The question that remains is, does it work? Even if it does not look like it makes sense, the output could still make sense, if other implementations follow the specification to a similar degree. I know Zotero does not entirely follow it — all the spec anomalies that are implemented are attributed to weird EndNote quirks, not the weird spec quirks.

That made me wonder to what degree the EndNote implementation follows the specification. However, I do not have EndNote, so this is a call to action! Can you help me with clearing up the RIS cloud for me by submitting your RIS exports to a CC0-licensed repo? Preferably with all kinds of reference types — articles, books, chapters, conference papers, webpages, software, patents, bills, maps, artworks, whatever you can find. For legal reasons, please replace abstracts and other copyrightable content by [... omitted].

In the meantime, I will be collecting RIS exports from other sources, like Zotero and Mendeley and websites like Google Scholar, BMC and PubMed Central. If you know of any other sources, please let me know!

Tuesday, July 30, 2019

Citation.js: RIS Rework Pt. 1

Citation.js: RIS Rework Pt. 1

So a while ago I was looking around for the RIS specification again. I had not found it earlier, only a reference implementation from Zotero, a surprisingly complete list of tags and types on Wikipedia and some examples from various websites and programs exporting RIS files. They did not seem to go together well, however. There were some slight differences in tags here and there, and a bunch of useful tags listed by Wikipedia were labelled “degenerate” in the Zotero codebase, and only used for imports — implying some sort of problem.

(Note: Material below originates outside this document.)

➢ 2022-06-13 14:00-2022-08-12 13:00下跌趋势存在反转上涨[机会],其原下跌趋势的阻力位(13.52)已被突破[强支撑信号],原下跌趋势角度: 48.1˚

What could be going on? Well, I checked out the references on the Wikipedia page again, to see if there really was no official specification or some other more reliable source where it got its information from. And, suddenly, there was an actual source this time. I do not know how I missed it earlier, but there was a page (archived) that linked to a zip file containing a PDF file with general specifications and an Excel file with sheets with property lists for all different types.

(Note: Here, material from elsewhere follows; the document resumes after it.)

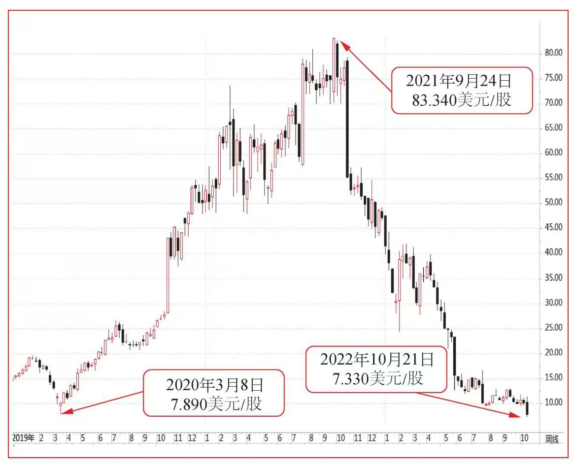 同样地,熊市下跌也会跌过头。如图2所示,美国科技股Snap一年左右的时间下跌了90%,并且有一定的概率永远回不到历史高点。

That sounded useful, so I spent waaayy to much time automating a script to turn those sheets — with a bunch of user input — into usable mappings for Citation.js. I just finished that today, apart from some… questionable mappings, but I wanted to at least test the final script with an example. As for the results, well, see for yourself. The example, from the Wikipedia page (CC-BY-SA 3.0 Unported) was

TY  - JOUR
T1  - On computable numbers, with an application to the Entscheidungsproblem
A1  - Turing, Alan Mathison
JO  - Proc. of London Mathematical Society
VL  - 47
IS  - 1
SP  - 230
EP  - 265
Y1  - 1937
ER  -

and my results were

{ issue: 1, page: 230, type: 'article-journal', volume: 47 }

That looked really weird and disappointing. Again, what could possibly be going on here? The example on Wikipedia is using T1, A1, JO and Y1 while the specs say to use TI, AU, T2 and PY here. Where are these differences coming from?

After some digging around on Wikipedia I found a comment saying that there are in fact two specifications: one from 2011 and one from before. The archived spec I checked out was from 2012 (as linked by Wikipedia!), while they use the version from before 2011; which luckily is still available. To be continued.